The cafes offered computers with Internet service that customers paid $20 per hour to use, she said. Customers would use the computers to pay bills, do homework and even research genealogy, she said.
They also could choose to play Sweepstopia games that had pre-set sweepstakes prizes of up to $4,000 and for which customers didn’t pay anything, she said. Those winning more than $600 were given tax forms to fill out, Zitka said.
She said she researched online sweepstakes games before landing on Sweepstopia, and her company paid tens of thousands of dollars to offer them to customers.
The games were designed to appear to be casino games that people could play, but they also could just hit a button for an “instant reveal” of their prize, Zitka said. Unlike gambling, the customers paid no money and the games had pre-determined outcomes, Zitka claimed. She said it was not unlike sweepstakes offered at such places as McDonalds restaurants.
“Everything was above board,” she said, adding that she had called the state to make sure they were not violating any laws.
In 2015, the city of Norton Shores brought civil action against Susan Zitka and Chuck Alstrom, identified as a co-owner, seeking to shut down the Landing Strip. That suit was dismissed with an order by Muskegon County Circuit Judge William Marietti that the owners don’t offer any illegal gambling, take down “win big money” advertising signs, and that they agreed to testify in cases involving illegal gambling at Internet cafes, court records show.
Following that dismissal, the Michigan Gaming Control Board launched an investigation into the cafés that resulted in criminal charges against the Zitkas brought in 2016 by the Michigan Attorney General in Ingham County.

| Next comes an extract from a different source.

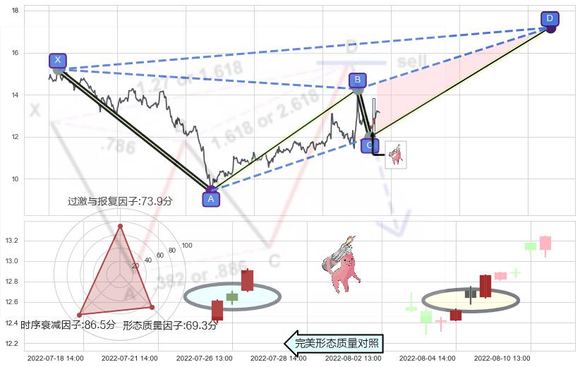 ➢ 上涨镊子线(U形磁铁) 🔜 谐波蝴蝶c拐点上涨支撑 综合量化分数:61.80 【偏多】

During the investigation, the state froze the Zitkas’ personal and business bank accounts, placed a lien on their home and even seized their automobile, Susan Zitka said. That made it difficult for the Zitkas to launch a defense, she said. Their problems were compounded when the judge refused to allow eight of the Zitkas’ witnesses to testify, she said.
“Our life is a mess. For three years we have been dealing with this with no money,” she said. “You can’t fight. You can’t live. You can’t survive.”
The Zitkas – Bruce Zitka is a long-time former Orchard View school board member – will be sentenced June 12 by Ingham County Circuit Judge Rosemarie Aquilina. Each of the six felonies is punishable by up to 10 years in prison; sentences generally are served concurrently.
At sentencing, the Zitkas also will forfeit their home – purchased long before the cafes were opened — and bank accounts, Susan Zitka said. Such forfeitures are typical in plea deals and that’s why they didn’t offer up a plea, she said.
“For three years, we have not understood why they came after us so hard,” she said. “The only thing that makes sense is they wanted to take all of our money, our home, everything.”
The Zitkas plan to appeal their convictions.